PBB Sambut Baik Usulan Gencatan Senjata Sementara Putin di Ukraina
Menanggapi usulan Presiden Rusia Vladimir Putin untuk gencatan senjata sementara di Ukraina, Juru Bicara PBB menyatakan bahwa organisasi internasional ini menyambut setiap upaya untuk mengakhiri perang yang sejalan dengan Piagam PBB.
Presiden Rusia Vladimir Putin telah mengumumkan bahwa gencatan senjata akan diberlakukan di Ukraina mulai 6 Januari pukul 12:00 hingga 7 Januari pukul 00:00.
Presiden Rusia mengatakan alasan keputusan itu untuk mengizinkan umat Kristen Ortodoks menunaikan kebaktian di gereja.
Kremlin juga meminta Ukraina untuk mengumumkan gencatan senjata.
Juru Bicara PBB Stephane Dujarric kepada wartawan hari Kamis (5/1/2023) waktu setempat mengatakan,"Kami tidak menutup kemungkinan mencapai perdamaian di Ukraina, dan kami siap mendukung semua upaya untuk mencapai perdamaian di Ukraina."
Sementara itu, Ned Price, Juru Bicara Departemen Luar Negeri AS menanggapi usulan Presiden Rusia Vladimir Putin untuk gencatan senjata sementara dengan menyebutnya munafik, dan mengatakan bahwa Washington tidak terlalu percaya dengan usulan tersebut.

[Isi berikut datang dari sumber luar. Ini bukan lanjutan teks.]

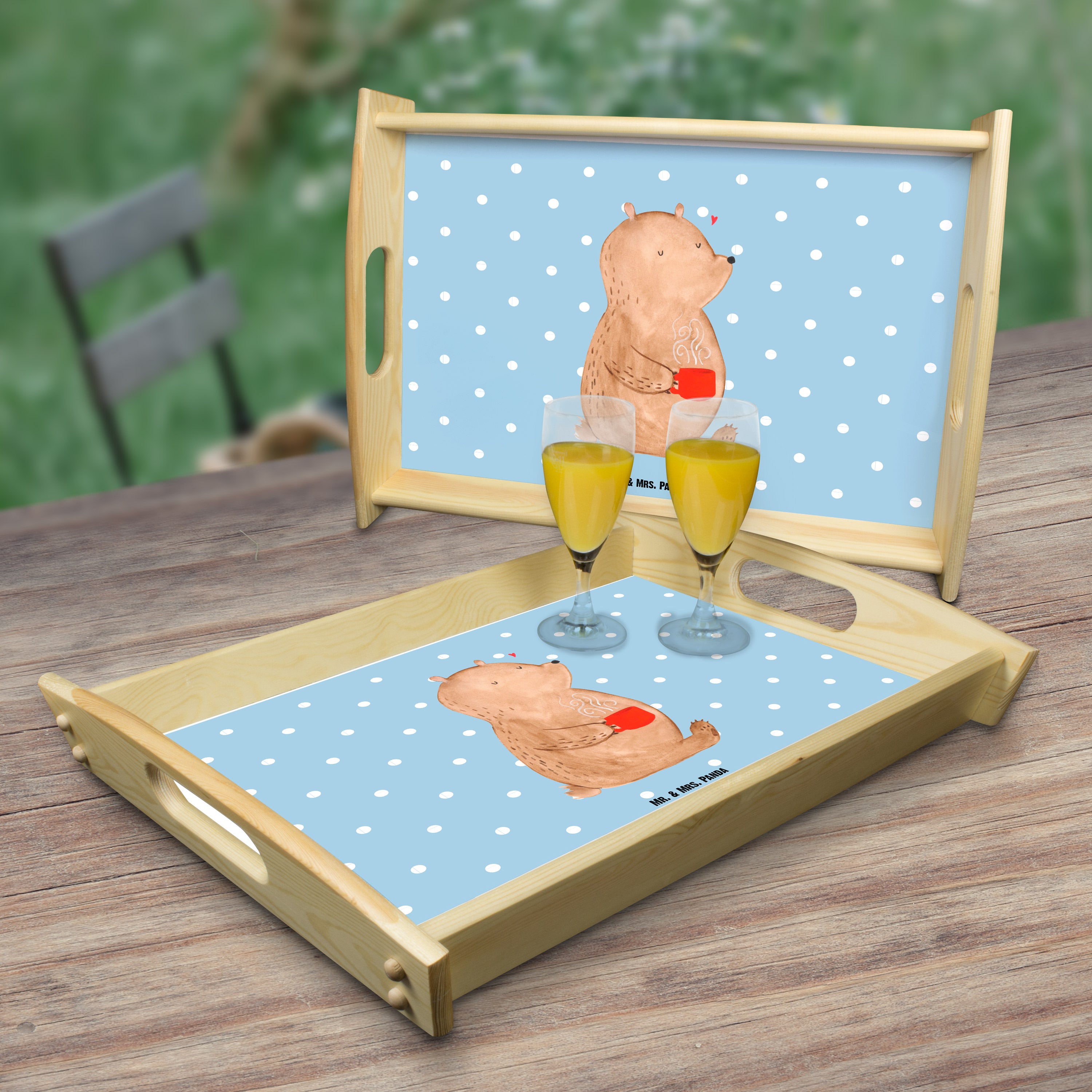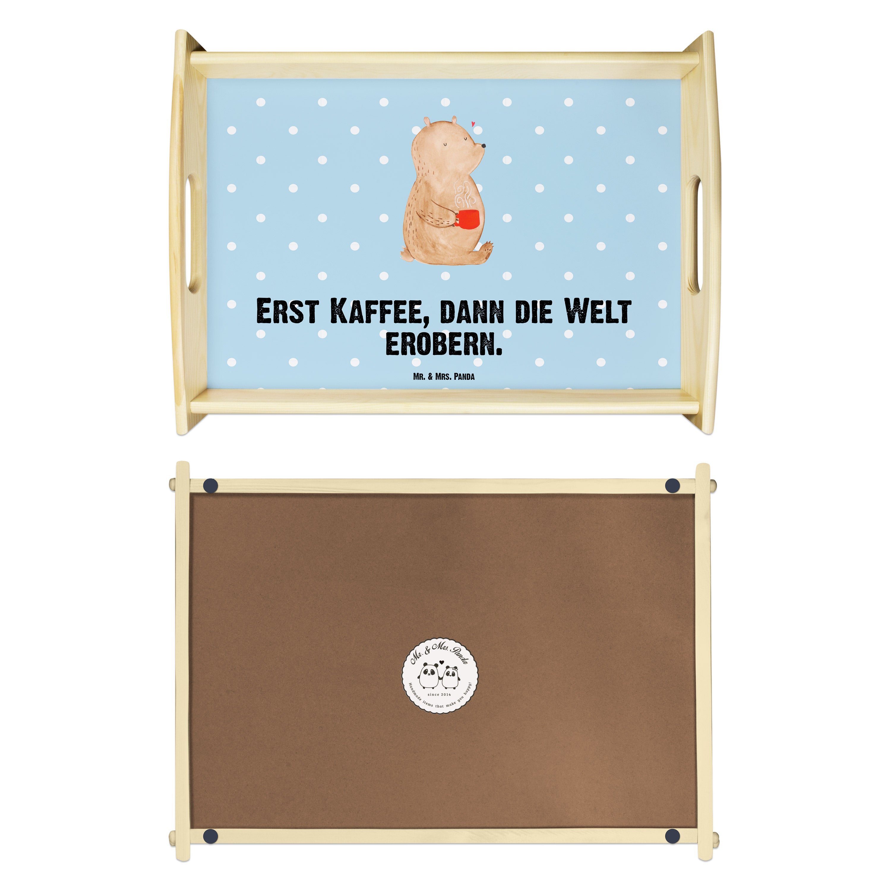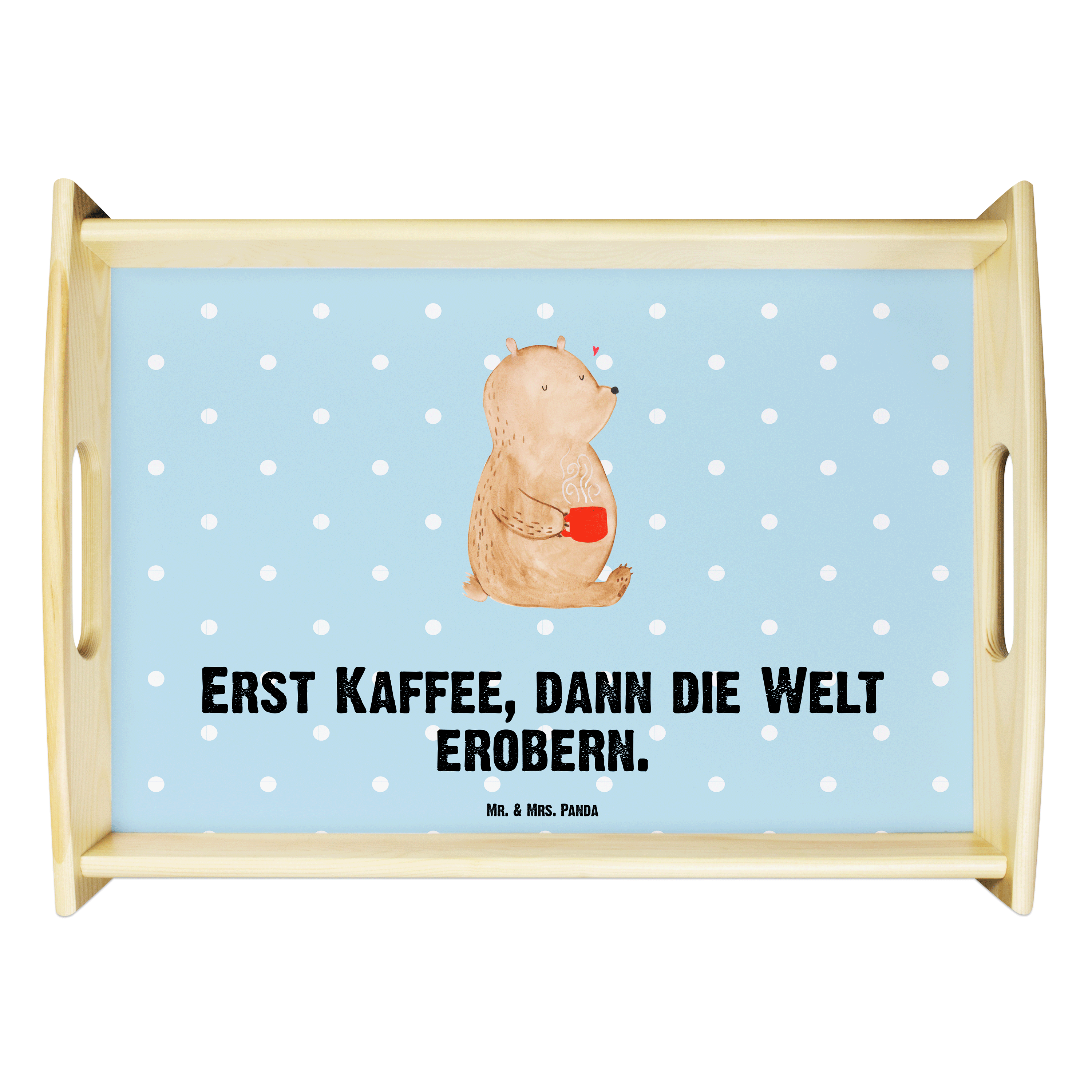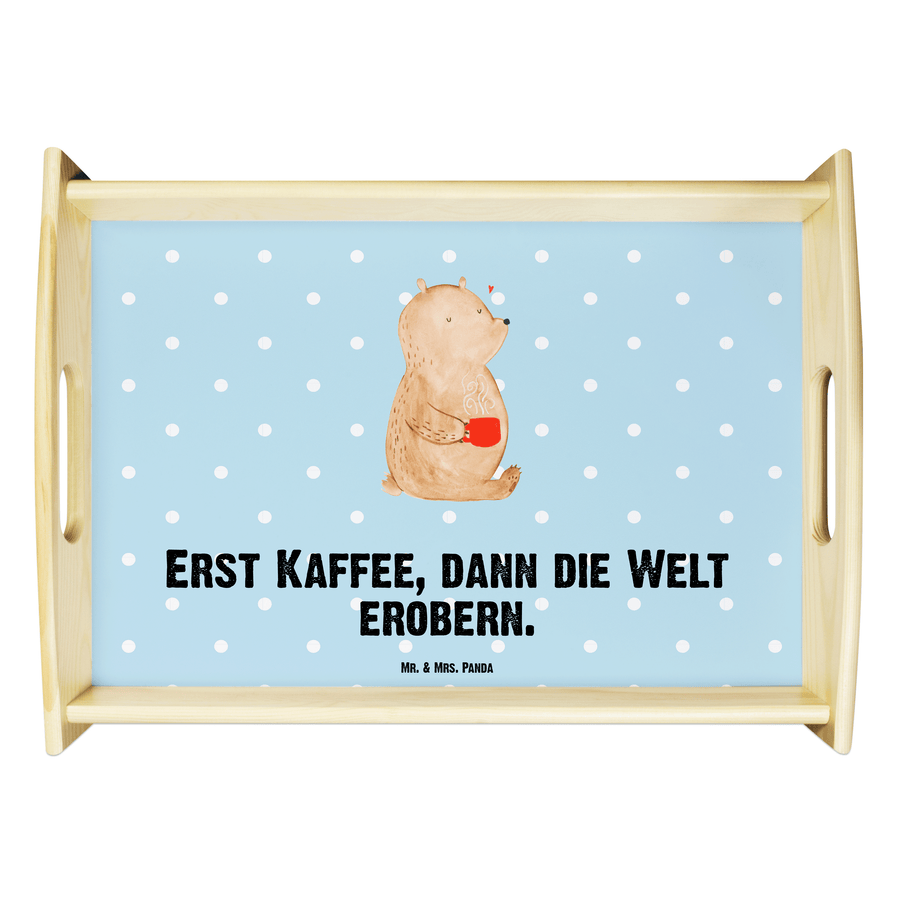 Serviertablett Bär Kaffee - mit Spruch - Blau Pastell

Pejabat Departemen Luar Negeri Amerika ini mengklaim bahwa Rusia menggunakan setiap kesempatan untuk mengumumkan gencatan senjata demi memperkuat pasukan mereka.
Juru bicara Departemen Luar Negeri AS juga mengklaim bahwa Putin mencoba menipu dunia dengan pengumuman gencatan senjata Rusia sebelumnya disertai dengan serangan udara di Mariupol.

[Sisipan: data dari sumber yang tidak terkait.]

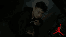 Marco Elizeo Jose poses in a dark setting, looking at the camera with a red Air Jordan logo visible in the background.
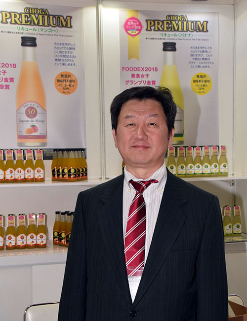 | | リキュール・デ・マンゴとリキュール・デ・バナナの展示コーナーに立つ草家の李昌浩代表
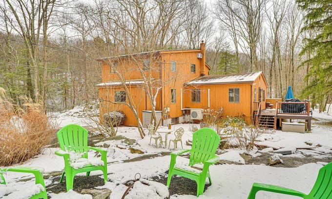 2-Acre Plot: Family Carmel Cabin w/Fire Pit! is located in Carmel. 2-Acre Plot: Family Carmel Cabin w/Fire Pit! provides accommodation, featuring Pet Friendly, Bedding/Linens, Fireplace/Heating, among other amenities. This Cabin features Pet Friendly, Bedding/Linens, Fireplace/Heating, to make your stay a comfortable one.
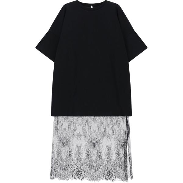 Vestito longuette/midi da donna in nero pece con pizzo a maniche corte
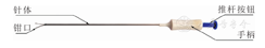 腹壁吻合器:型号WHQ-1.6A(专利号ZL201520944454.0),针体直径为1.6 mm,手柄内含弹簧,未按压推杆按钮时抓钳钳口位于针体内部,按压推杆按钮时抓钳钳口释放(图1)。
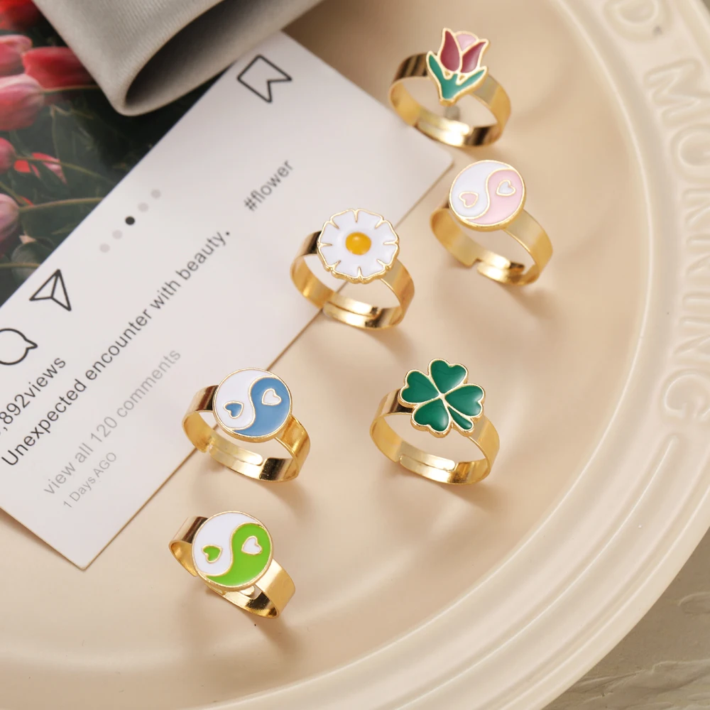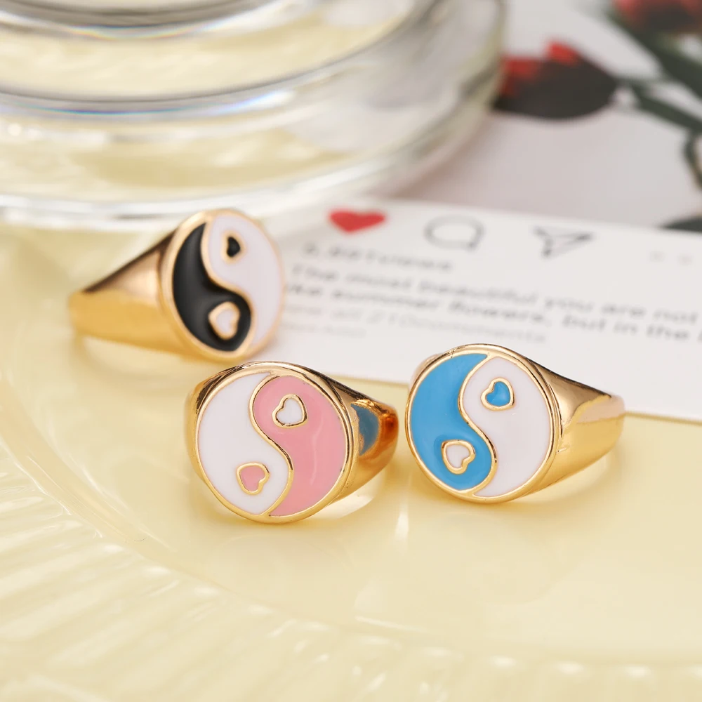 Модные эмалированные цветные яркие кольца в стиле Тай-Чи для женщин...
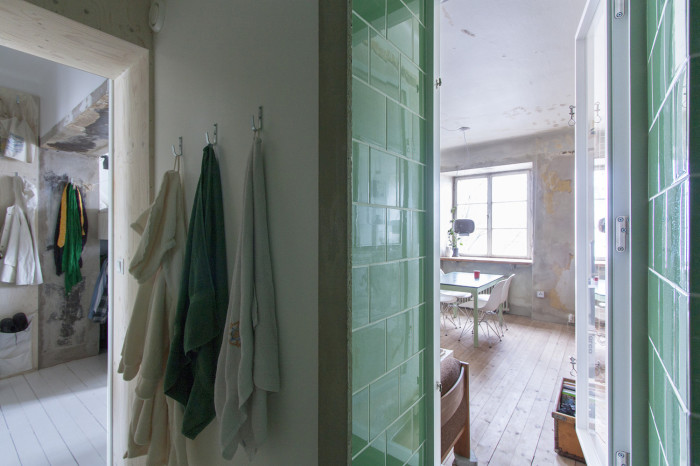 Учитывая, что ванная комната расположена посередине необычной квартиры, она стала своеобразным связующим звеном между «прошлым» и «настоящим».

Presiden AS Joe Biden juga bereaksi pada Kamis terhadap perintah Presiden Rusia Vladimir Putin untuk menetapkan gencatan senjata sementara di Ukraina.

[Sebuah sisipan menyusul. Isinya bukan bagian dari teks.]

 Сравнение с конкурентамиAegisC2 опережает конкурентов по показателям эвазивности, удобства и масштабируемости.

Biden mengklaim bahwa Putin mencari ruang bernapas dengan menawarkan gencatan senjata di Ukraina sejak dimulainya perang di Ukraina yang telah berlangsung selama 287 hari,
Amerika hingga kini terus memberikan bantuan keuangan dan militer miliaran dolar ke Kyiv, yang memperpanjang perang di Ukraina.(PH)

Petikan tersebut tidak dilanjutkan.